> _Data segment_
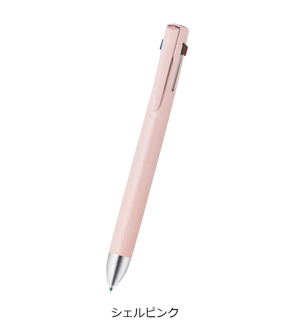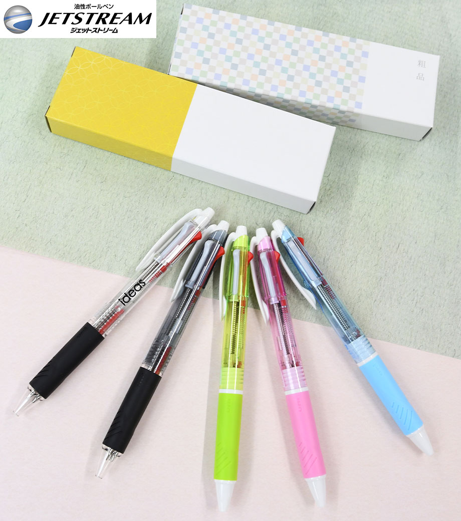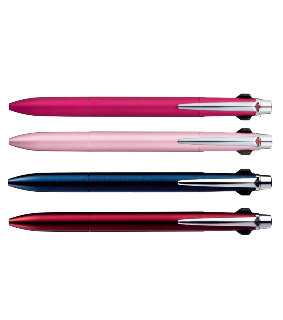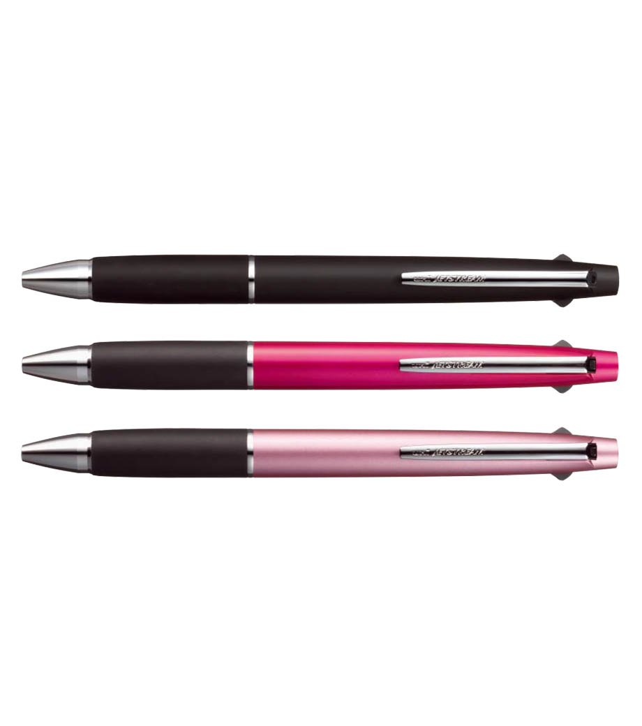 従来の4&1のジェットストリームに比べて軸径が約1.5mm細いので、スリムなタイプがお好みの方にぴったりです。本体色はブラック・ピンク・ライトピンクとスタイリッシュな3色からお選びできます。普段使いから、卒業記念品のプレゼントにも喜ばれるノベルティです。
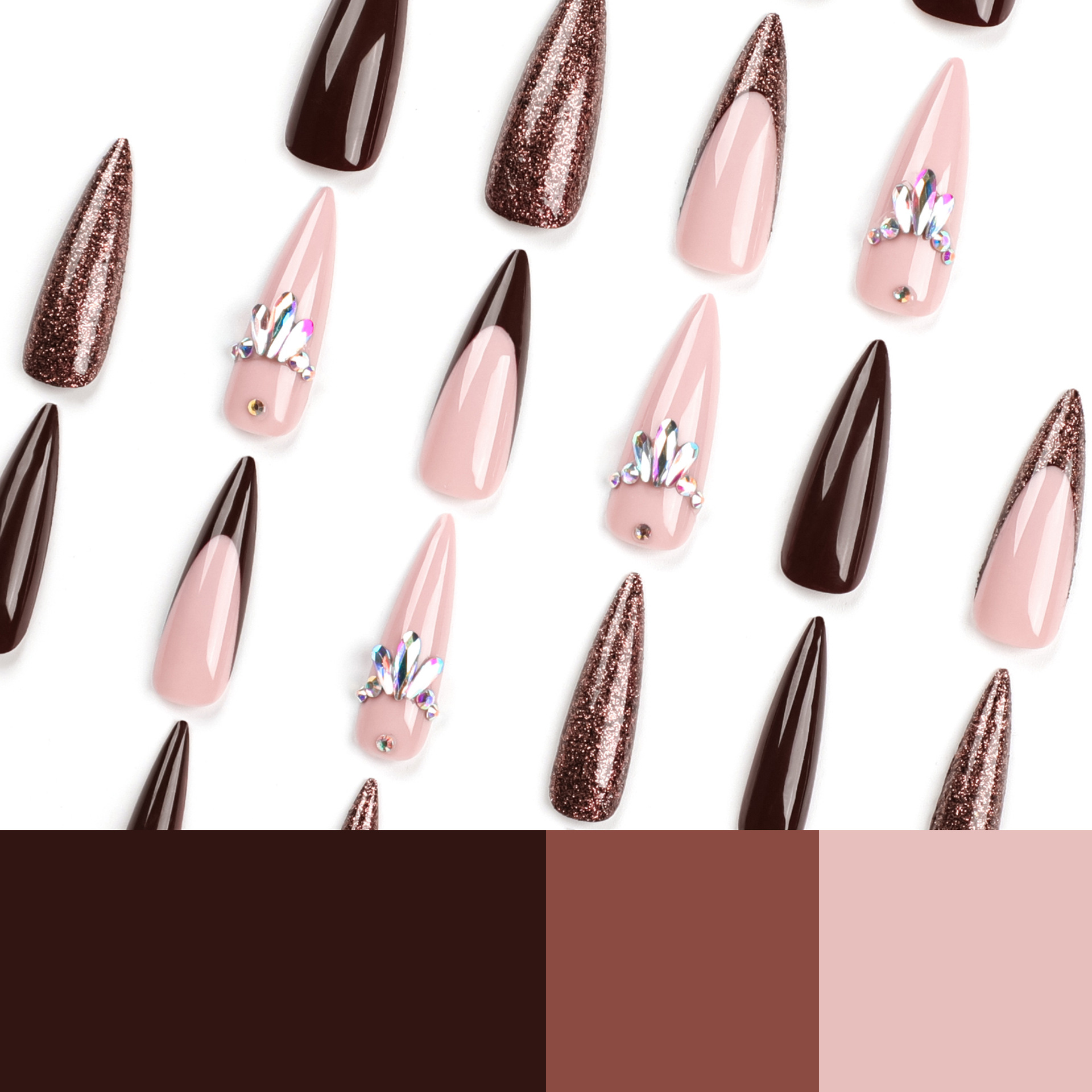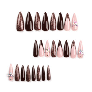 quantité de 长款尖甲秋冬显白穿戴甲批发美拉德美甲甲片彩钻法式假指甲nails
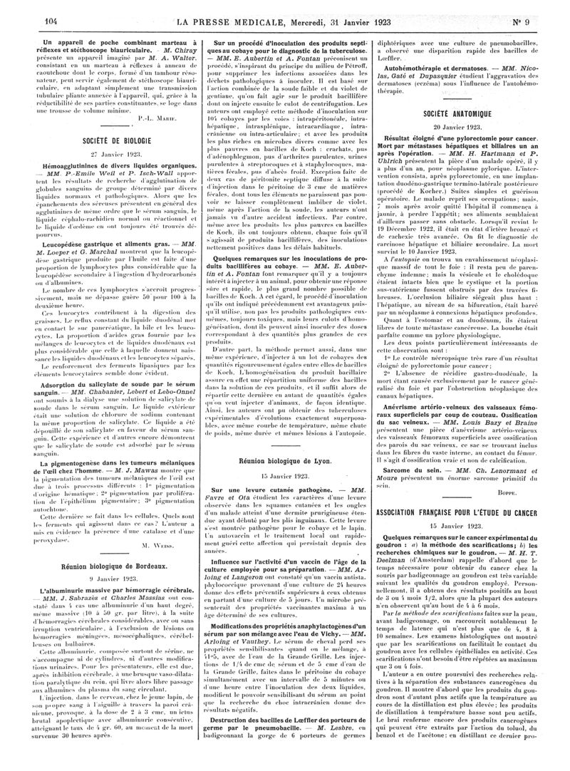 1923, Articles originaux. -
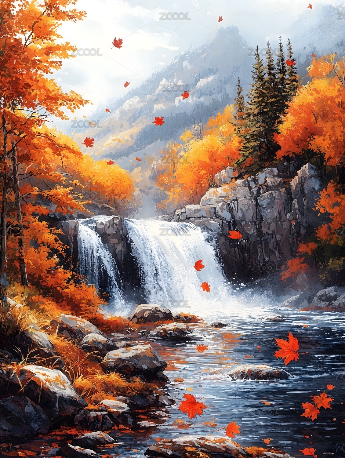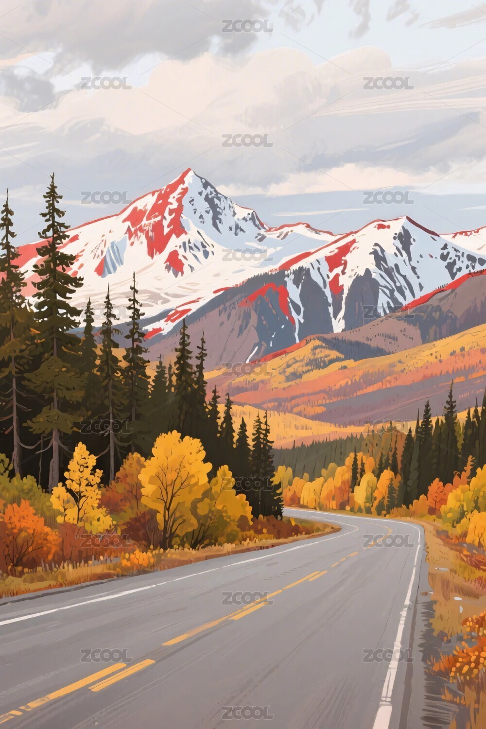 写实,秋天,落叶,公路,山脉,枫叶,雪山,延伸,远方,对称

> _Your assignment_
Produce an exact copy of each line of data, skipping embedded images.

> _Task answer_
 従来の4&1のジェットストリームに比べて軸径が約1.5mm細いので、スリムなタイプがお好みの方にぴったりです。本体色はブラック・ピンク・ライトピンクとスタイリッシュな3色からお選びできます。普段使いから、卒業記念品のプレゼントにも喜ばれるノベルティです。
 quantité de 长款尖甲秋冬显白穿戴甲批发美拉德美甲甲片彩钻法式假指甲nails
 1923, Articles originaux. -
 写实,秋天,落叶,公路,山脉,枫叶,雪山,延伸,远方,对称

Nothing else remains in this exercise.